Data =
= = = = = = =
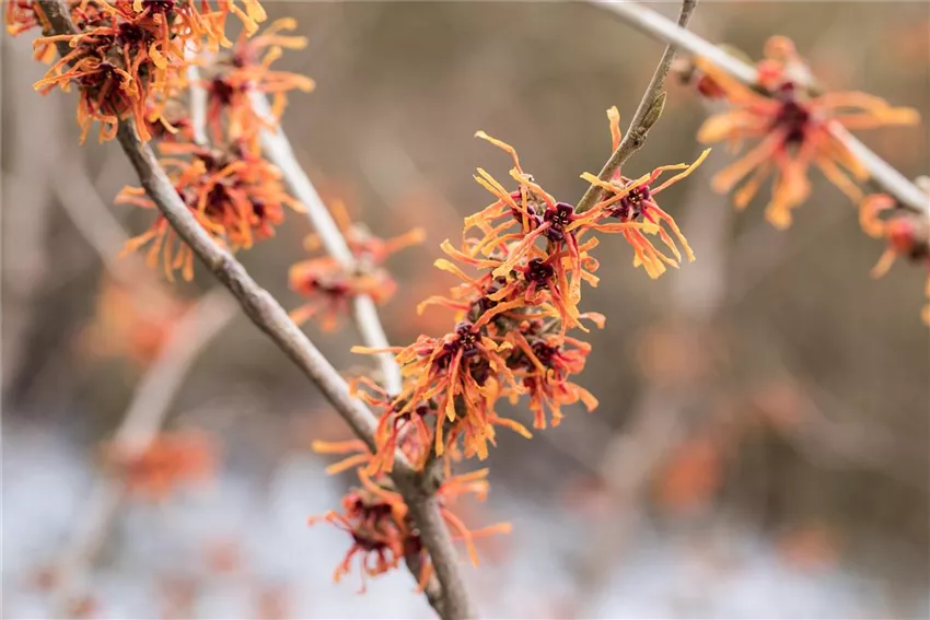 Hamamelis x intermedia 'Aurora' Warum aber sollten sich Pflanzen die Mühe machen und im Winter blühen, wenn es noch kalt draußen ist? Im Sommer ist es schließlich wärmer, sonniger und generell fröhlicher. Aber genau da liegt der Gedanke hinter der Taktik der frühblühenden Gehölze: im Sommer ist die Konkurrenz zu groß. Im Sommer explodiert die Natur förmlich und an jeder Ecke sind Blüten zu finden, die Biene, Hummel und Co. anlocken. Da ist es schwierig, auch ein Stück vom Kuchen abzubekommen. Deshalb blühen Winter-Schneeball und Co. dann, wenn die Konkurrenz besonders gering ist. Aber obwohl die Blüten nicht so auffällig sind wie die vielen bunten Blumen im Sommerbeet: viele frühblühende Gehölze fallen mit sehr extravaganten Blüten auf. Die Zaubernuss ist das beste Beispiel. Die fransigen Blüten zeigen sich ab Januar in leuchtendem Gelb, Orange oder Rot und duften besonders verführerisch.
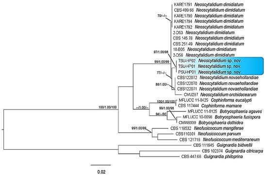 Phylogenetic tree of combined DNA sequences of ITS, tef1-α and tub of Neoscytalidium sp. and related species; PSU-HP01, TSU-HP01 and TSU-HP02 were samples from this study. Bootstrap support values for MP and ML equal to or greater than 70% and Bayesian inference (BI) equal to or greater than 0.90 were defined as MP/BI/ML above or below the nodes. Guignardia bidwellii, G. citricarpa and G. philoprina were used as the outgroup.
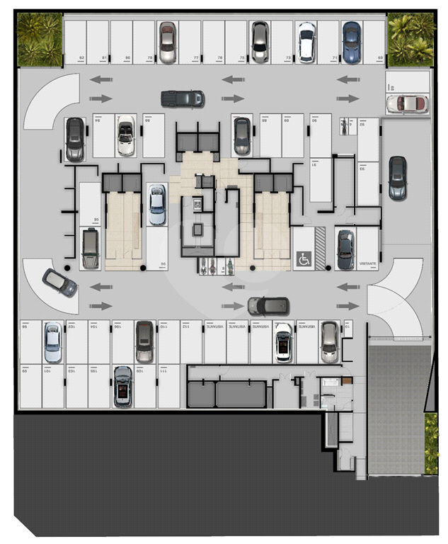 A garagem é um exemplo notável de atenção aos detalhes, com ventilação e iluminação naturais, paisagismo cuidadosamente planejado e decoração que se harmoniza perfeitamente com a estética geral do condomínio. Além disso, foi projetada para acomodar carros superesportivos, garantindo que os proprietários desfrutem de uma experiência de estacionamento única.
= = = = = = =
Problem to solve = Leave out the pictures and set down all of the data exactly.

Answer section =
 Hamamelis x intermedia 'Aurora' Warum aber sollten sich Pflanzen die Mühe machen und im Winter blühen, wenn es noch kalt draußen ist? Im Sommer ist es schließlich wärmer, sonniger und generell fröhlicher. Aber genau da liegt der Gedanke hinter der Taktik der frühblühenden Gehölze: im Sommer ist die Konkurrenz zu groß. Im Sommer explodiert die Natur förmlich und an jeder Ecke sind Blüten zu finden, die Biene, Hummel und Co. anlocken. Da ist es schwierig, auch ein Stück vom Kuchen abzubekommen. Deshalb blühen Winter-Schneeball und Co. dann, wenn die Konkurrenz besonders gering ist. Aber obwohl die Blüten nicht so auffällig sind wie die vielen bunten Blumen im Sommerbeet: viele frühblühende Gehölze fallen mit sehr extravaganten Blüten auf. Die Zaubernuss ist das beste Beispiel. Die fransigen Blüten zeigen sich ab Januar in leuchtendem Gelb, Orange oder Rot und duften besonders verführerisch.
 Phylogenetic tree of combined DNA sequences of ITS, tef1-α and tub of Neoscytalidium sp. and related species; PSU-HP01, TSU-HP01 and TSU-HP02 were samples from this study. Bootstrap support values for MP and ML equal to or greater than 70% and Bayesian inference (BI) equal to or greater than 0.90 were defined as MP/BI/ML above or below the nodes. Guignardia bidwellii, G. citricarpa and G. philoprina were used as the outgroup.
 A garagem é um exemplo notável de atenção aos detalhes, com ventilação e iluminação naturais, paisagismo cuidadosamente planejado e decoração que se harmoniza perfeitamente com a estética geral do condomínio. Além disso, foi projetada para acomodar carros superesportivos, garantindo que os proprietários desfrutem de uma experiência de estacionamento única.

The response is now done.